*** Entries shown Section Begins ***
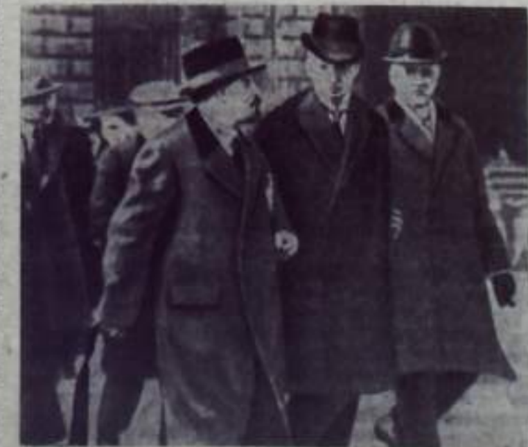
На снимке: В. И. Ленин в Стокгольме проездом при возвращении из Швейцарии в Россию. Апрель 1917 года.

Проводя огромную практическую деятельность по организации и сплочению сил революционной пролетариата России и других стран, Ленин одновременно усиленно занимался разработкой теоретических вопросов. В этот период он много работает над вопросами философии, вновь изучает произведения Гегеля, Аристотеля, Фейербаха. Многочисленные заметки с комментариями, замечаниями Ленина и другие материалы его исследования были изданы впоследствии под названием «Философские тетради», которые служат замечательным образцом научной работы Ленина. Они представляют собой новый шаг в творческом развитии философии мар-
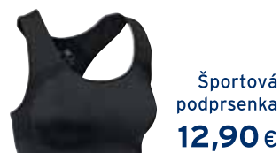
Športová podprsenka 12,90 €

Kolekcia vysokofunkčných odevov, obuvi a doplnkov profesionálnej kvality vrátane kolekcie termooblečenia pre šport v akomkoľvek počasí. Uvedené kolekcie sú dostupné v našich obchodoch v nákupných centrách: AUPARK SHOPPING CENTER Bratislava, OC EUROVEA Bratislava, AVION SHOPPING PARK Bratislava, AUPARK SHOPPING CENTER Žilina a OC OPTIMA Košice.
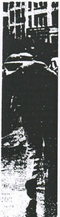
Η φωτογραφία, που γάλης μερίδας τών θερονητικά μέτρα. «Α πρώτης ανάγκης ειδ εμπιστοσύνης στή
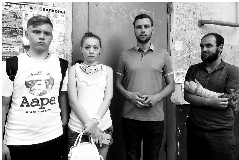
Жители квартир, оставшиеся без газа с 25 марта, вышли сообщить о своих проблемах корреспонденту «ТР».
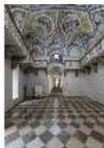
ND.II, Schosskapelle, Innenansicht, DI003551, BSV
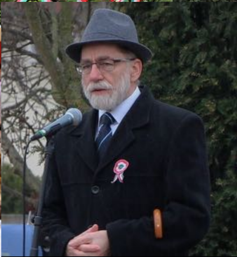
2018. március 15. - Városi ünnepség
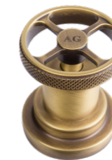
AG Antique Gold Opaco Antique Gold Matt
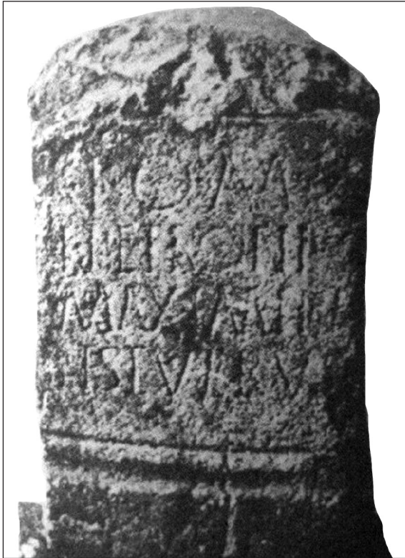
Sl. 5. Zavjetna ara posvećena Jupiteru sa kraja III ili početka IV stoljeća. Pronađena u Ceričima kod Konjica, imena dedikanta na spomeniku su orijentalnog porijekla (Imamović 1977, 365, Sl. 96)
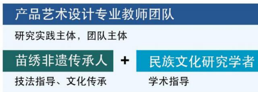
图 3-1 苗绣研究中心团队构成

苗绣研究中心队伍建设。形成苗绣研究中心苗绣非遗传承人资源库、苗族文化研究专家学者资源库。建立一支有艺术系产品艺术设计专业教师为主苗绣非遗传承人为指导、高校民族文化研究专家为指导的一支专注苗绣技法、苗族文化研究与传承的研究团队。公司负责人——石丽平作为“苗绣研究中心”苗绣技法指导团队核心成员之一。企业专家陈梅担任苗绣技法课程教师，企业专家潘淦担任制作工艺（民艺）课程教师。建立“民艺教育创新团队”，带领学生共研发非遗文创产品。
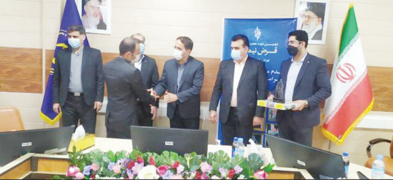
الحسنه مهر و رسالت نیز در سال جاری ۱۴ میلیارد و ۵۰۰ میلیون ریال قرض الحسنه به بیش از هزار و ۱۰۰ نفر پرداخت شده است. ماهی‌ری با بیان اینکه صندوق قرض الحسنه امداد

ولایت استان ایلام در سال ۹۵ فعالیت خود را آغاز کرده است، گفت: ترویج فرهنگ قرض الحسنه و نیکوکاری و مرتفع شدن مشکلات مالی و معیشتی نیازمندان از اهداف اولیه راه اندازی این صندوق قرض الحسنه بوده است. وی با اشاره به اینکه گسترده‌تر شدن خدمات قرض الحسنه‌ای این نهاد به نیازمندان و مددجویان و مشارکت بیشتر در برطرف شدن مشکلات آنها نیازمند سپرده گذاری مردم نیکوکار و نوع دوست است، تصریح کرد: از همه مردم نیکوکار استان برای سپرده گذاری در صندوق قرض الحسنه امداد ولایت دعوت می‌کنیم، مدیرکل امداد استان ایلام در پایان گفت: امسال بیش از ۲۸ میلیارد تومان تسهیلات قرض الحسنه به نیازمندان استان پرداخت شده است.
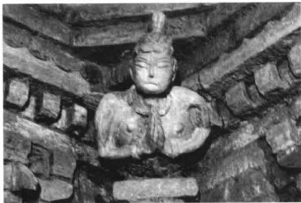
图 11 羽人

第二,将10余块二十四孝内容的模印砖当作普通条砖平砌在墓室顶部,当作普通条砖使用,大大不同于同时期的墓葬。因为以二十四孝为主要表现内容的墓葬装饰,是这一时期较为流行和受重视的题材,也是当时汉文化社会普遍思想信仰的体现。但该墓却将其当作普通建材使用,至少说明在该墓主人
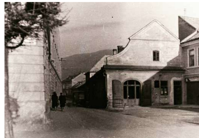
Budova lekáreň Aranyszarvas.
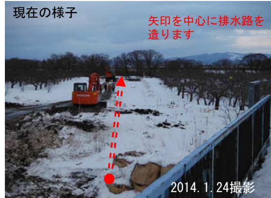
工事に必要な用地を確保し支障となる樹木も伐採され、本格的に工事がはじまりました
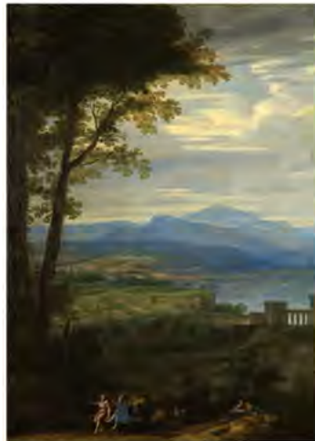
Philippe de Champaigne (?), Paysage avec figures , 17 e siècle
*** Entries shown Section Ends ***
**What you need to do:**
Counting lines with the word "صندوق" in the listing, state the resulting number and nothing else.

**Task result:**
2